Criteria for Investors
- Hold shares for at least three years.
- Don’t control over 30% of the company.
- Invest in genuine risk capital—no guarantee of exit.
Sounds tricky? It isn’t once you know the steps. We cover the process in detail later.
Why Choose Oriel IPO for SEIS and EIS Rounds
Raising through SEIS or EIS can get tangled in paperwork. Oriel IPO streamlines it:
- Commission-free model so founders keep more of every pound raised.
- Curated, vetted opportunities that meet SEIS/EIS rules.
- Educational tools: guides, webinars and expert insights.
- Transparent subscription fees—no hidden cuts.
Everything sits in one dashboard. Documents, investor profiles, progress tracking. No chasing emails or invoices.
When you’re ready to launch, Oriel IPO handles application steps with clear checklists and prompts. It’s like having a funding coach in your pocket.
Explore EIS investment benefits seamlessly with Oriel IPO
Case Study: Government Funding Drives Growth
Many founders underestimate public schemes.
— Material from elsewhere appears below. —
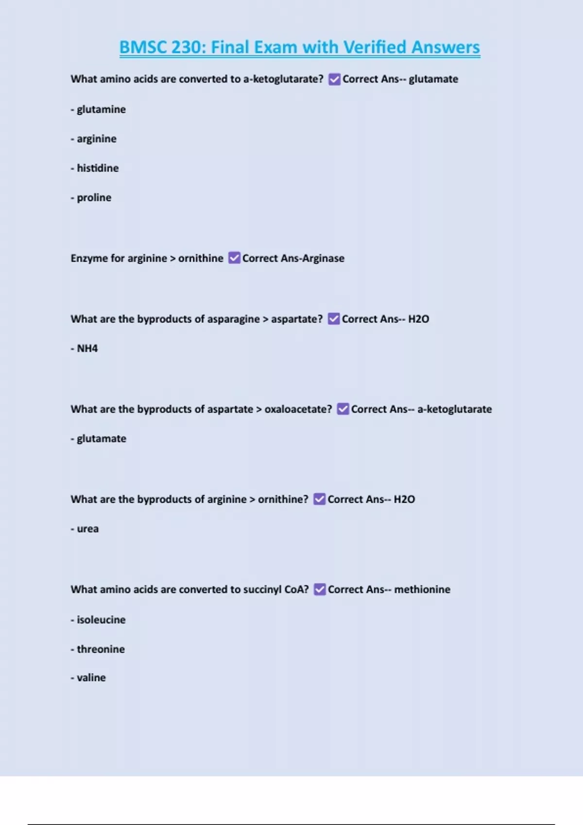 BMSC 230: Final Exam with Verified Answers

Yet they’ve powered massive exits. Mohit Lad, CEO of ThousandEyes (acquired by Cisco), highlights this:
“The grants we received from NSF were instrumental in building the first version of our product and acquiring our first customers. When we received our Phase I funding in 2010 we were two founders. As of 2022, our team within Cisco has grown to 700 employees and growing.”
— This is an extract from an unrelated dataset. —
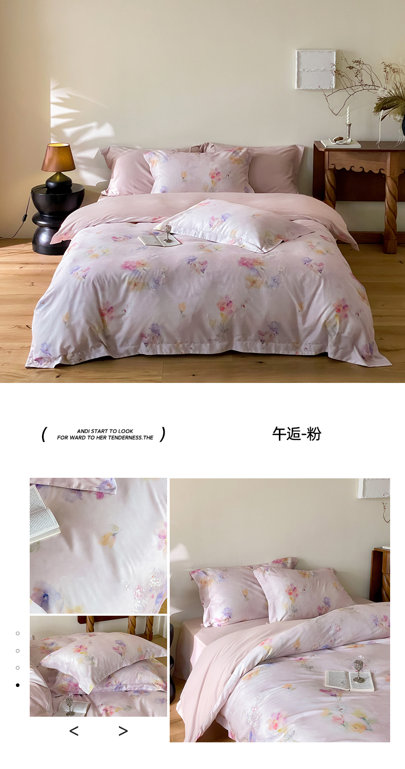 商品名称:禾时 2025新款天丝棉磨毛数码印花四件套 午逅-粉

While that’s US-based NSF, the lesson is clear. Government funding can catalyse small teams into market leaders. SEIS and EIS do the same in the UK.
Steps to Launch Your SEIS/EIS Campaign
Follow this roadmap to get your funding live.
- Check eligibility
- Prepare financial forecasts and articles of association
- Complete SEIS1/EIS1 advance assurance application
- Share advance assurance letter with investors
- Post-investment: file SEIS2/EIS3 forms with HMRC
- Issue tax relief certificates to investors
- Update your pitch deck and platform listing
Each step has deadlines. Oriel IPO’s platform flags due dates so nothing slips through.
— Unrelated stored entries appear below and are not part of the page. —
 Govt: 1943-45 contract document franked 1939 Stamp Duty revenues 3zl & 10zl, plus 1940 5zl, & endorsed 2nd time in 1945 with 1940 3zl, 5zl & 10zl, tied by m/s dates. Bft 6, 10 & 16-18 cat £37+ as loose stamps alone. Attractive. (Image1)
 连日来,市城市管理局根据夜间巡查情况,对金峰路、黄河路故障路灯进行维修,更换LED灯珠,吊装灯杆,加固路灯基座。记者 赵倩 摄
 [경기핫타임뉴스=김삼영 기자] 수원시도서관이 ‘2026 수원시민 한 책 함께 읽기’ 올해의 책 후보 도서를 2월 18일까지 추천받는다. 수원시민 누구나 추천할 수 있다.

Common Pitfalls and How to Avoid Them
Even small missteps can cost relief.
- Missing the three-year shareholding window.
- Incorrect paperwork for advance assurance.
- Overlooking non-qualifying trade rules.
- Underestimating subscription costs on other platforms.
Oriel IPO’s checklists guard against these. You stay on track, you get relief, you raise with confidence.
What Our Users Say
“Using Oriel IPO felt like having an expert by my side. We closed our SEIS round 30% faster and got the paperwork right first time.”
— Laura M., FinTech Founder
“I was sceptical at first about tax reliefs. The guides and webinars broke it down simply. Now I’ve secured £250k via EIS with zero commission fees.”
— Raj P., HealthTech CEO
Conclusion
SEIS and EIS investment benefits can transform early-stage funding. They lower investor risk. They sweeten returns. They give you breathing room to grow. Pair that with a platform like Oriel IPO and you get expert guidance, vetting, and a commission-free model that keeps more capital in your business.
SEIS and EIS aren’t magic pills. They’re tools. Use them right and you’ll see real boost.